Readers may now ask themselves, “Why not simply change the verification logic of the confidential runtimes, for example, to temporarily reduce the required threshold?”
As briefly mentioned above, confidential runtimes run in Trusted Execution Environments (TEEs). A confidential runtime can generate special encryption keys that are derived using the runtime’s binary identity. Changed verification logic would result in a different runtime binary, which by design would result in different encryption keys being generated. So, the “fixed” logic would be unable to decrypt any previously encrypted secrets. This is by design, to ensure that nobody, not even the Oasis Foundation, can extract any secrets.
Instead, the Oasis team tackled the problem in a different way. While the genesis block might not have enough voting power to satisfy the runtime’s light client, the network actually had enough voting power online. This is why the team decided to quickly collect the missing signatures out of band and bake them into another Oasis Core release.
When a confidential runtime asks the host node for the list of genesis block signatures, the additionally collected valid signatures from validators would be included without compromising security. To accomplish this, a small block signing tool was rapidly prepared just for the Eden genesis block and sent to the validators that didn’t sign the genesis block in time. The Oasis team then collected their signatures and incorporated them into the Oasis Core 23.0.8 patch release.
With the additional signatures acquired, the trust transition was successfully performed and all of the confidential runtimes started operating normally after a two-epoch (approximately two-hour) initialization period. Importantly, the solution to garner additional signatures would be impossible without the help of Oasis validators, underscoring the security and resilience of the network. The Oasis Network officially completed the process of upgrading to Eden on November 29.
What was the root cause?
Subsequent root cause analysis uncovered why there was a discrepancy in voting power in the first place. In short, this happened because of Oasis Network’s support for rotating validator keys. The Oasis Network functions such that stake and its voting power are bound to “entities”, and each entity can run multiple validator nodes. But only a single entity’s node can actually be elected as a validator within any given epoch.
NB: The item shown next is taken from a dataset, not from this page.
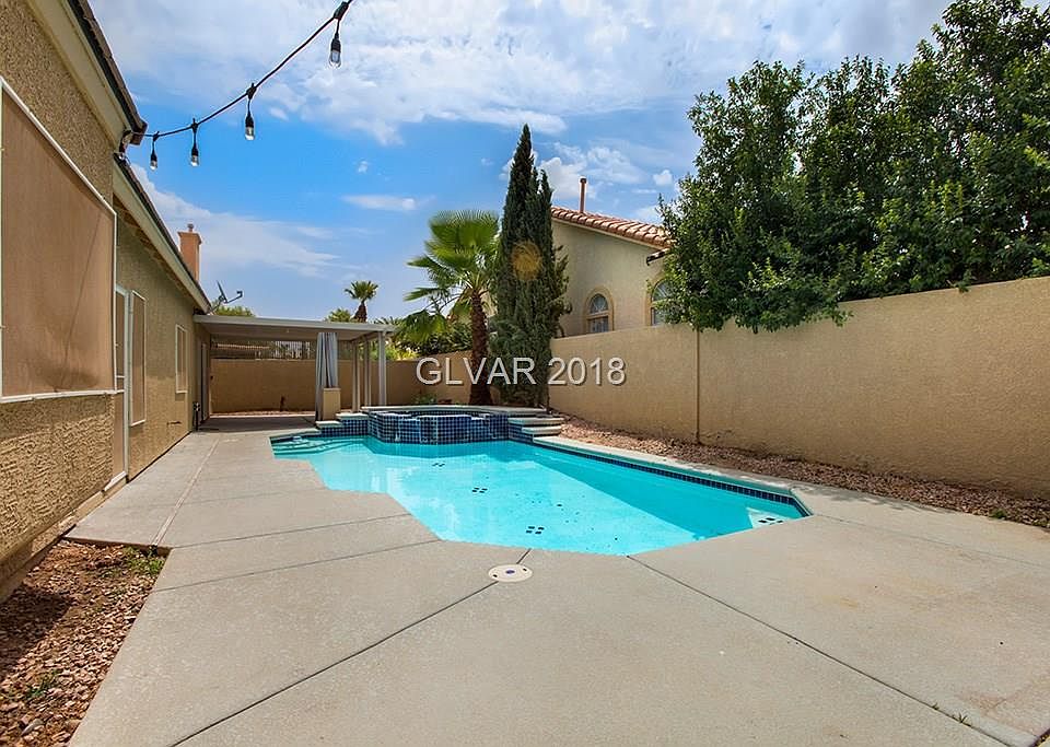 Stunning single-story home in IDEAL Henderson location. Just a stone's throw from Pebble Park, this home sits on a corner lot w/sparkling pool & spa! All appliances included & purchased within the last 2-4 years. Gorgeous 18x18 tile throughout. Chef's kitchen w/Stainless Steel appliances, oversized island, granite counters, breakfast nook, & W/I pantry. Recently remodeled master bath w/INCREDIBLE, spa-quality master shower! You will fall in love!

It turned out that this change of an entity’s validator node happened for two of the validators in the validator set just at the time of the Eden upgrade, making the runtime light client not count the voting power of the two validators.
While no similar hard fork upgrades are currently planned for the future, this problem will be addressed in two ways.
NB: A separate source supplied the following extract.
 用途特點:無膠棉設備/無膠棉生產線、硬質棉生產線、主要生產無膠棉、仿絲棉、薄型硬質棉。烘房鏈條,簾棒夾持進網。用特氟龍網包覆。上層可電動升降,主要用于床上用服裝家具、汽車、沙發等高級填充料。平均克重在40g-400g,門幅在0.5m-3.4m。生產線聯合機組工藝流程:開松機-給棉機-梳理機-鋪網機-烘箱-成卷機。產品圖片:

- The light client will be able to additionally verify subsequent blocks from the first epoch in order to verify the chain transition.
- The genesis state will include an explicit encoding of the previous network’s validator set that will be in effect for the first epoch of the new network.
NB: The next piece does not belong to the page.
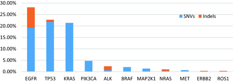 Results: 295 out of 325 patients (90.8%) had detected ctDNA results. In 62.1% (183/295) of these cases, at least one genomic alterations was detected. Frequency altered genes were EGFR (27.8%), TP53 (22.7%), KRAS (21.36%), and PIK3CA (4.75%). EGFR mutation was associated with female, younger age (< 65 years), and adenocarcinoma. The most common mutations in EGFR were L858R (39.4%), exon19 deletions (31.73%), and T790M (18.3%); G13S was the most common alterations in KRAS. TP53 mutation was most occurred in exon7 and exon8. TP53 mutation was significantly more common in patients with history of radiochemotherapy/chemotherapy therapy, and T790M was mainly found in patients with TKIs treatments. Co-existence EGFR mutation with KRAS and different multiple gene co-mutation panels were detected.
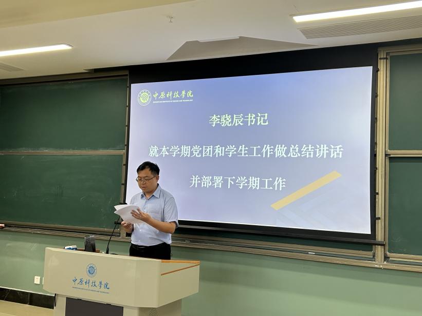 外国语学院副院长兼党总支书记李骁辰总结了本学期党团与学生工作、在校生及毕业生就业情况,并强调了暑期留校学生管理与就业推进工作。

How does this impact the Oasis Network going forward?
Impromptu adjustments during the upgrade process have no lasting effect on the security or stability of the Oasis Network. But, the entire episode highlights the agile performance and uncompromising security standards of the Oasis Foundation’s engineering team. Even with a slightly prolonged deployment period, the upgrade was completed successfully and the network continues to function stably.
“Blockchain development is a very thorough and complex process,” said Jernej Kos, Director at the Oasis Foundation. “The stakes are always high, which is why all of our engineers are unwaveringly committed to ensuring the security and success of any new release even if that requires small periods of delay.”